BEGIN The input

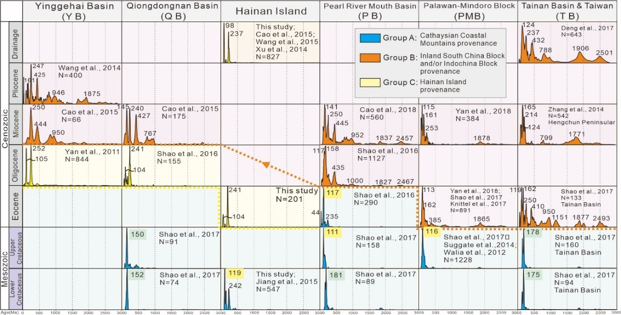 针对以上科学问题,我校地球科学与资源学院陈艳博士,在国家自然科学基金基础科学中心项目(41888101)的资助下,对海南岛白垩纪鹿母湾组、始新世瓦窑组和宁远河现代水系沉积物开展了沉积学和碎屑锆石研究,取得了如下创新性认识:
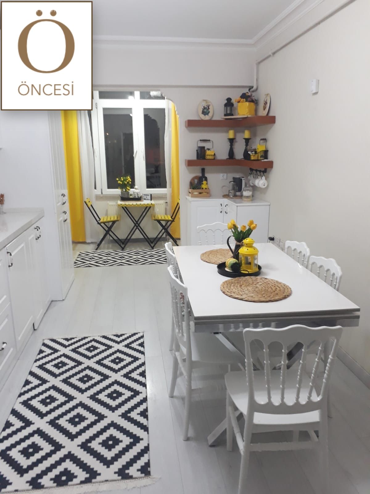 Alternatif tezgah alanı sağladıktan sonra masa ve sandalyelerini de değiştirmiş: Eski halinde countrye yakın olan mobilyaların yerini ahşabın baskın olduğu parçalar almış.
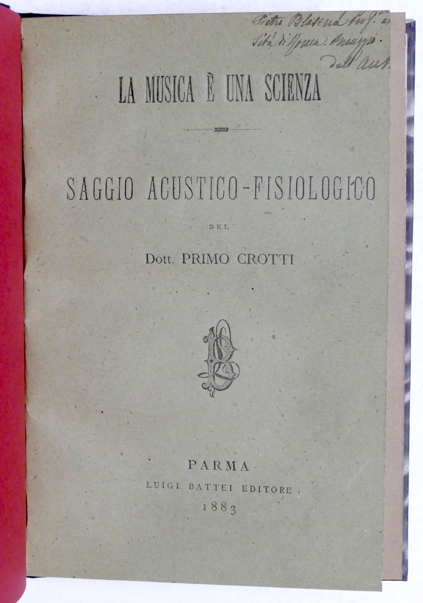 La musica è una scienza - Saggio acustico-fisiologico del Dott. Primo Crotti Parma, L. Battei, 1^ ed. 1883 Pag. 54 Copertina rigida non coeva - Testo in italiano. Condizioni molto buone. Legatura e sguardie rifatte. Copertina in brossura originale conservata. Piccoli segni di restauro da pag. 51 a pag. 54.
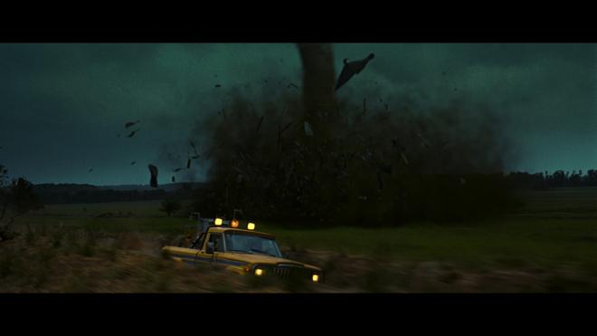 “Fine film grain is apparent throughout, but nowhere near noisy or intrusive. That one static shot with lightning flashes at the beginning still looks janky as ever but that’s just charm at this point. Facial features, Hoffman’s wild attire, and little fine details in the team’s vehicles are all on display with terrific clarity. Faces actually look like real human faces, not pod people who got interrupted halfway into their cloning process. I was also very impressed with how well the old CGI tornado effects held up and blended with the improved resolution. Some fake rain effects still stick out, but they always have.
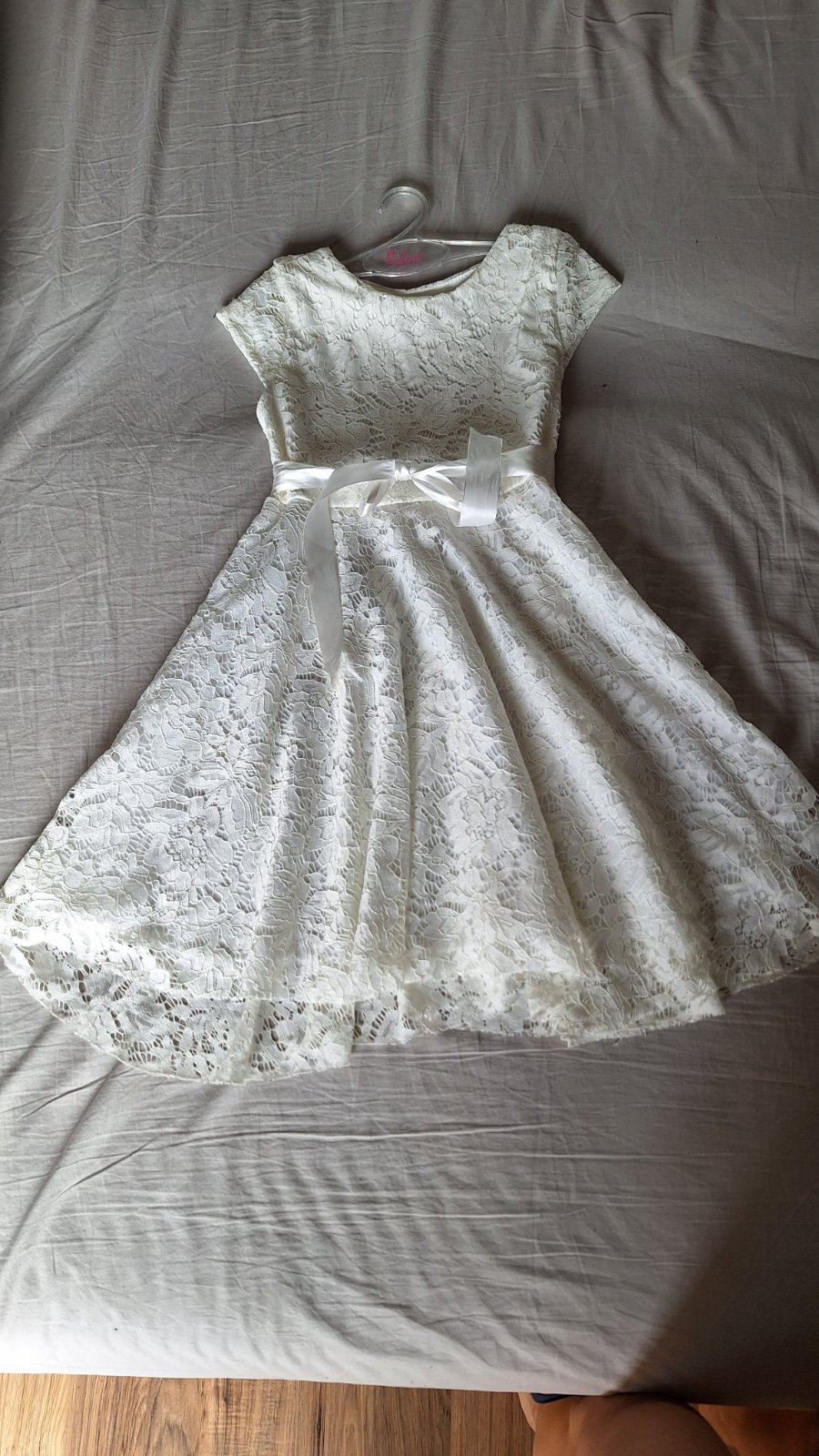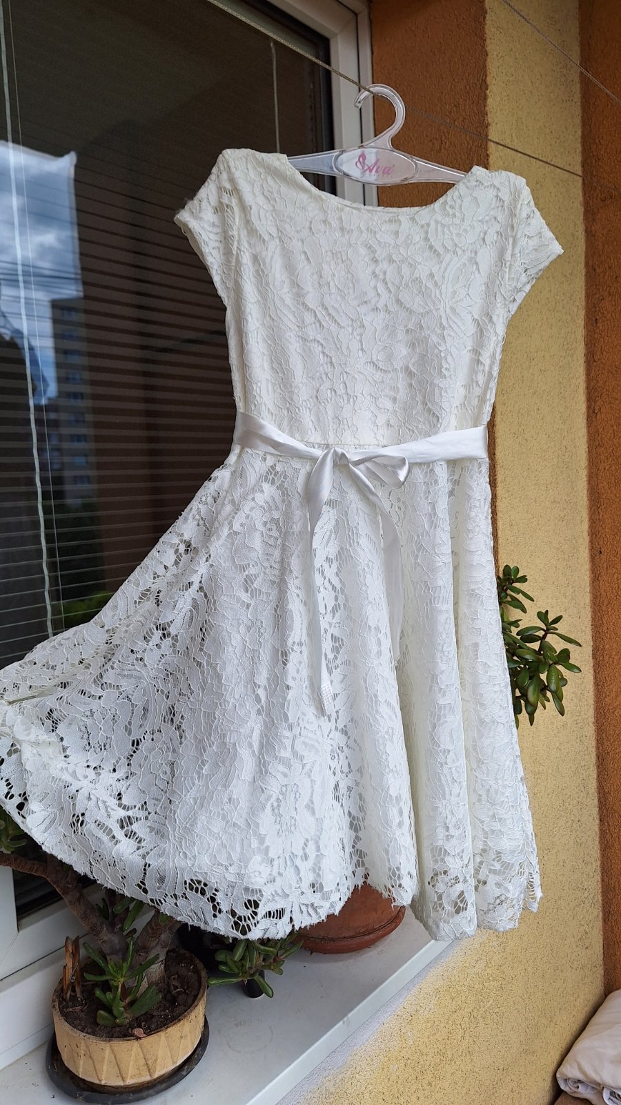 Nenosené letné šaty, kt. mali poslúžiť ako šaty na 1.sv.prijímanie, ale nakoniec zostali nepoužité. Celková dĺžka 80cm. Dĺžka od pleca po prestrih v páse 27cm. Širka v prestrihu 2x37cm. Farba smotanová biela.

END The input

Required work - Leaving out only the pictures, reproduce the listing exactly.

Exercise solution -
 针对以上科学问题,我校地球科学与资源学院陈艳博士,在国家自然科学基金基础科学中心项目(41888101)的资助下,对海南岛白垩纪鹿母湾组、始新世瓦窑组和宁远河现代水系沉积物开展了沉积学和碎屑锆石研究,取得了如下创新性认识:
 Alternatif tezgah alanı sağladıktan sonra masa ve sandalyelerini de değiştirmiş: Eski halinde countrye yakın olan mobilyaların yerini ahşabın baskın olduğu parçalar almış.
 La musica è una scienza - Saggio acustico-fisiologico del Dott. Primo Crotti Parma, L. Battei, 1^ ed. 1883 Pag. 54 Copertina rigida non coeva - Testo in italiano. Condizioni molto buone. Legatura e sguardie rifatte. Copertina in brossura originale conservata. Piccoli segni di restauro da pag. 51 a pag. 54.
 “Fine film grain is apparent throughout, but nowhere near noisy or intrusive. That one static shot with lightning flashes at the beginning still looks janky as ever but that’s just charm at this point. Facial features, Hoffman’s wild attire, and little fine details in the team’s vehicles are all on display with terrific clarity. Faces actually look like real human faces, not pod people who got interrupted halfway into their cloning process. I was also very impressed with how well the old CGI tornado effects held up and blended with the improved resolution. Some fake rain effects still stick out, but they always have.
 Nenosené letné šaty, kt. mali poslúžiť ako šaty na 1.sv.prijímanie, ale nakoniec zostali nepoužité. Celková dĺžka 80cm. Dĺžka od pleca po prestrih v páse 27cm. Širka v prestrihu 2x37cm. Farba smotanová biela.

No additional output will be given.